I passed a thick, flat brown-earth field, a teenage boy leaning against a fence in the rain, in the dark, sulky or bored, staring out at the highway. My brain returned to Ben. Diondra and Ben. Pregnant. Everything else Ben told me about that night felt right, believable, but the lie, the insistent lie about Diondra. That seemed like something to worry about.
I sped home, feeling contaminated. I went straight to the shower and scrubbed myself, Silkwood-style with a hard nail brush, my skin looking like I’d been attacked by a pack of cats when I was done. I got into bed still feeling infected, fussed around in the sheets for an hour, then got up and showered again. Around 2 a.m., I fell into a sweaty, heavy sleep filled with leering old men I thought were my father until I got close enough to see their faces melt. More potent nightmares followed: Michelle was cooking pancakes, and grasshoppers were floating in the batter, their twig legs snapping off as Michelle stirred. They got cooked into the pancakes, and my mom made us eat them anyway, good protein, crunch, crackle. Then we all started dying— choking, slobbering, eyes floating back in our heads—because the grasshoppers were poisoned. I swallowed one of the big insects and felt it fight its way back up my throat, its sticky body surfacing in my mouth, squirting my tongue with tobacco, pushing its head against my teeth to escape.

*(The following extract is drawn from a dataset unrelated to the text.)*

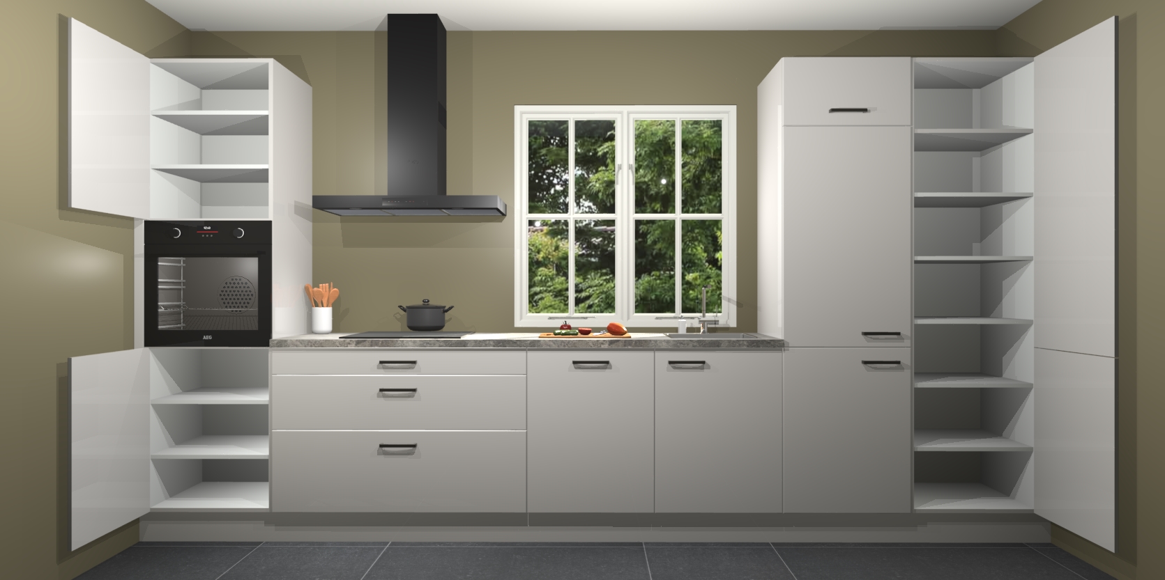 In deze box zijn alle kleuren verzameld van de deuren en werkbladen. Vraag de gratis kleurenbox aan en kijk thuis rustig verder!
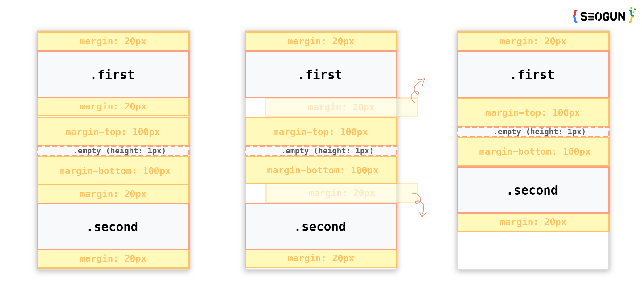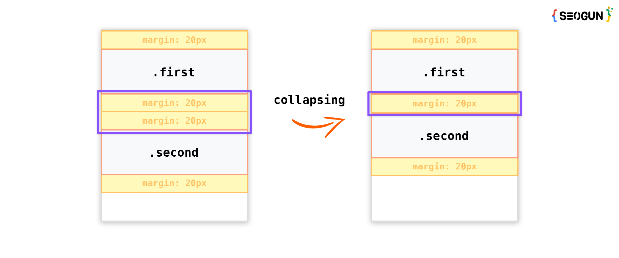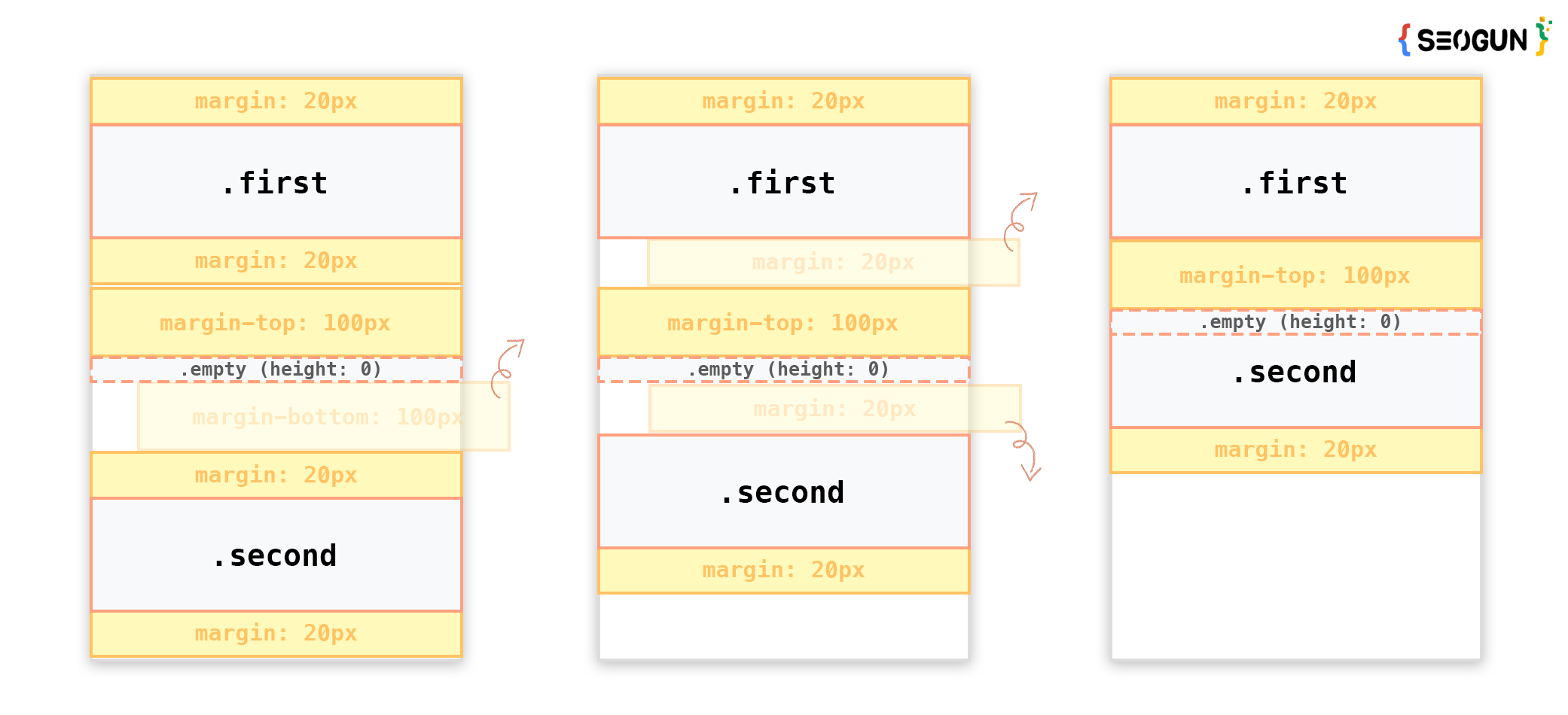 위 코드를 보면 .first와 .second 클래스 모두 margin: 20px 0; 을 적용시켜 주었습니다. 하지만 결과를 보면 각 요소의 최상단과 최하단을 제외한 중복된 마진 20px이 상쇄된 것을 알 수 있습니다.

The morning dawned an unimpressive gray. I showered again— my skin still feeling suspicious—and then drove to the downtown public library, a white pillared building that used to be a bank. I sat next to a pungent man with a matted beard and a stained army jacket, the guy I always end up next to in public places, and finally got on the Internet. I found the massive, sad Missing Persons database and entered her name.
The screen made its churning, thinking sound and I sweated while hoping a No Data screen would come up. No such luck. The photo was different from the yearbook but not too: Diondra with the mousse-hard curls and the cresting bangs, charcoal eyeliner and pink lipgloss. She was smiling just the tiniest bit, pouting her lips out.
DIONDRA SUE WERTZNER
BORN: OCTOBER 28, 1967
REPORTED MISSING: JANUARY 21, 1985
BEN WAS WAITING for me again, this time with his arms crossed, leaned back in the chair, belligerent. He’d given me the silent treatment a week before granting my request to see him. Now he shook his head at me when I sat down.